### SUPPLIED RECORDS
=== Begin Enclosure ===

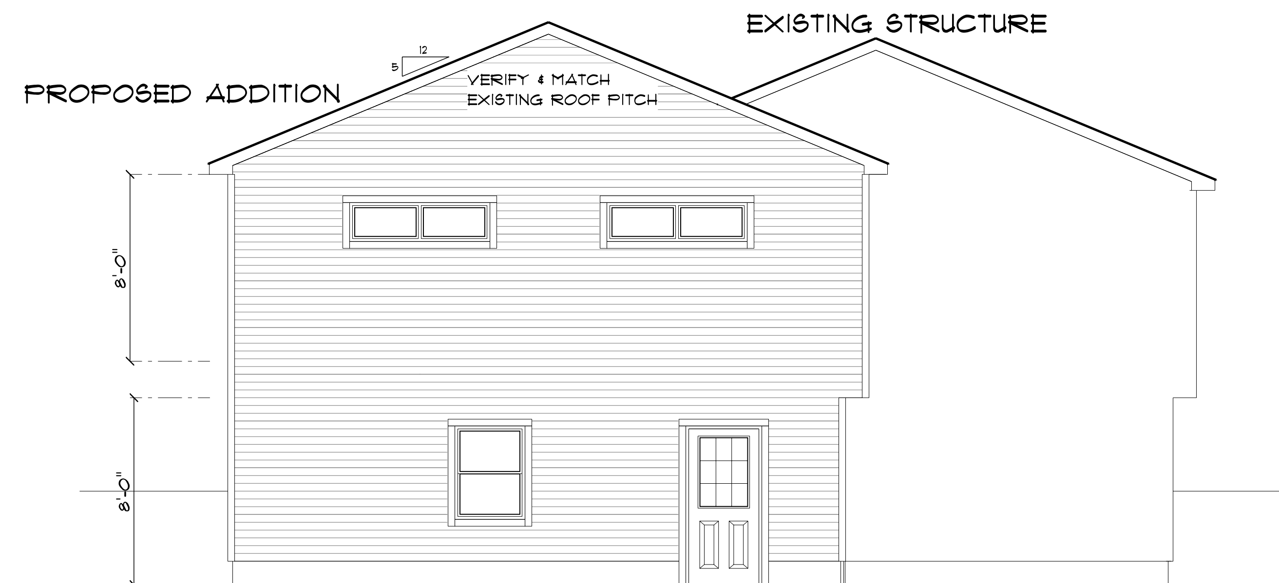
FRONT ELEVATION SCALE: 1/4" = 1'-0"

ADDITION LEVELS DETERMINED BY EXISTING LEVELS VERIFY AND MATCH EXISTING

=== End Enclosure ===
=== Begin Enclosure ===

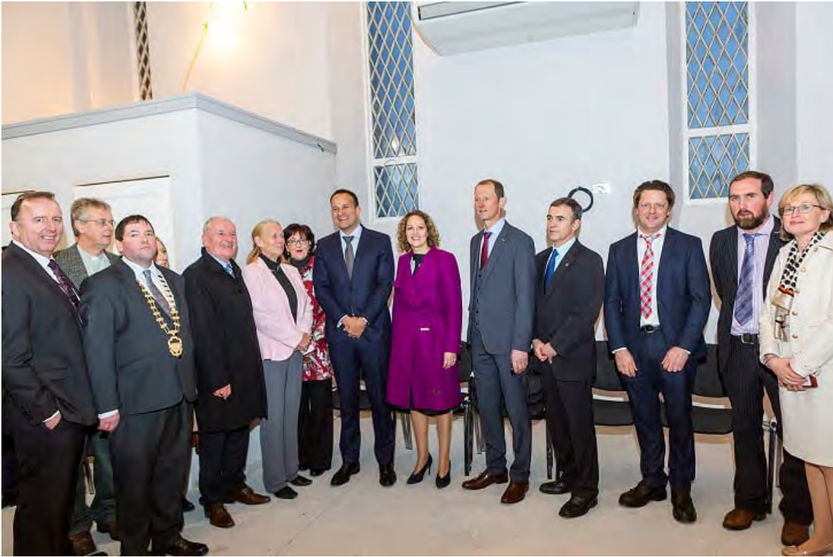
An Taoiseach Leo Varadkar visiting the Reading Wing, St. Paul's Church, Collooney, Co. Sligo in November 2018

=== End Enclosure ===
=== Begin Enclosure ===

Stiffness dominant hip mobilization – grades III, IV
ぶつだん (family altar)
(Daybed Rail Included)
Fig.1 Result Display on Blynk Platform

=== End Enclosure ===

When you reach the line holding "ぶつだん (family altar)" in the records above, begin reproducing exactly, stop after the line holding "Fig.1 Result Display on Blynk Platform", and output nothing else.

### OUTPUT OF THE TASK
ぶつだん (family altar)
(Daybed Rail Included)
Fig.1 Result Display on Blynk Platform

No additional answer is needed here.